I am with you that the economy is Sudan’s salvation, and I have long advocated economic engagement with Sudan and investment in Sudan as a means of stimulating the economy and bringing political stability. I encourage the divestment groups in the U.S. to focus on responsible investment rather than punitive divestment. As the debate on urbanization on this blog has shown, it is the Sudanese cities that are the motor of the economy. Increasingly, I believe, Sudanese politics will become urban politics–and one of the most remarkable realities in Sudan is the social peace that has prevailed in the cities.
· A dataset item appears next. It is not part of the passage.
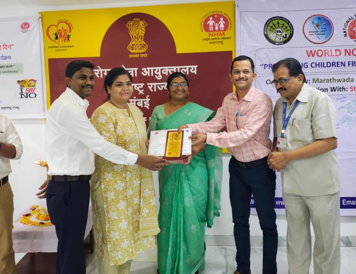 चंद्रपूर, दि. 31 : राष्ट्रीय तंबाखु नियंत्रण कार्यक्रमात चंद्रपूर जिल्ह्याने महाराष्ट्रात तिसरा क्रमांक पटकाविला आहे. याबाबत 29 मे 2024 रोजी राज्य तंबाखु नियंत्रण कक्ष, मुंबई येथे झालेल्या बैठकीत जिल्हा सामान्य रुग्णालय येथील सल्लागार डॉ. श्वेता सावलीकर यांचा सत्कार करण्यात आला.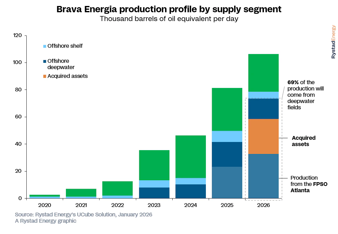 Una vez completada la operación, valorada en 450 millones de dólares, Brava Energia tendrá capacidad para producir más de 100.000 barriles equivalentes de petróleo (boe) por día y podría entrar este año en el grupo de los cinco mayores productores del país.

I wish it were true that the past, and memories of past grievances, could be easily brushed aside in a common embrace of the future. But I fear the legacy of past injustices will haunt Sudan for years to come. Better, I argue, to address these experiences through civic dialogue than allow the grievances to fester and an embittered minority to take up arms. It only takes a few men to start a war, but it takes a whole nation to stop one. I fear for the possibility of a new war in the Nuba Mountains, despite the wishes of the majority for peace. Had the government heeded the advice of the former head of the African Union, Alpha Konare, offered exactly four years ago, to allow an African panel of eminent persons to examine Darfur and make recommendations for resolving the crisis and establishing justice and reconciliation, then the case would not have been referred to the ICC. To move forward, it is often necessary to acknowledge the past.